The scripts were then sent electronically to the blind or low vision actors — Strechay’s iPhone can read 500 words a minute, his desktop 800 — and the talent was offered a choice of what format they wanted their scripts in to better aid their chosen method of reading. It was that seemingly small question — Microsoft Word or PDF? — that signaled to many at the outset of the production’s dedication to inclusivity. “Some of the seasoned actors were like, ‘I’ve never had that offered to me,’” Strechay said.
Once on set, Strechay helped with everything from the mundane — things like telling the blind or low vision actors that the bathroom trailers required a step up to access, asking that marks be tactile so they were easier to hit — to the more complicated elements of daily filming.
Strechay admitted he pushed the cast and crew hard. “I would be standing next to the director as we blocked each scene, saying ‘I wonder about this?’ ‘I don’t think I would do that, make them do this,’” he recalled. “I’d go talk to the actor: ‘I think you should be listening for this, the water is on this side, listen for that sound.’”
And then there were the stunts. “Surprisingly, I’ve been in a few fights back in the day,” Stechay laughed.
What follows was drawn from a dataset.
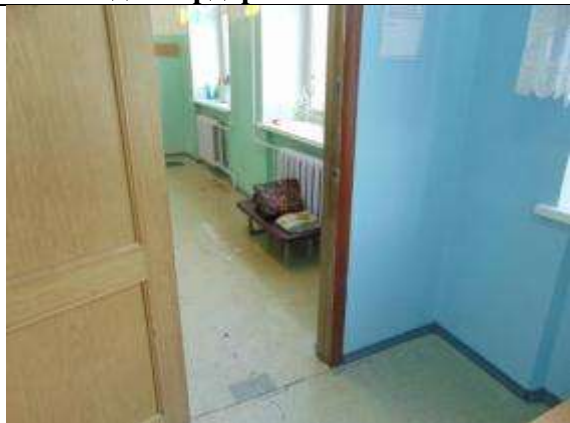
3.6. Вход в столовую

The key difference between how blind or low-vision individuals fight from those with sight is that combatants with vision are often mislead by what they anticipate is going to happen. Blind or low-vision fighters can sense the tactile response that’s coming, and that confident anticipation was incorporated into the stuntwork.
“If someone is holding me with their right arm and holding my left arm […] I can feel their body,” he said. “I can tell you if they’re pulling back their other arm to punch, I can tell you if they are pulling back their leg to kick you — all from that feeling in their body and that movement.”
Stechay says he’s proud of the collaboration that occurred on “See” and wishes that other productions would see how fundamentally easy it is to incorporate the blind and low-vision community into a set. “Realize that every actor is different, whether they have a disability or not, and take the time to ask what they need,” Strechay said. “What would make their life easier? What would make their work more successful? Take that time. And it’s often no big deal! There’s no more cost to it! Our customers are diverse, and the more diversity you use in any business, it only equals success.”
“See” is streaming now on Apple TV+. New Season 1 episodes will be released each Friday.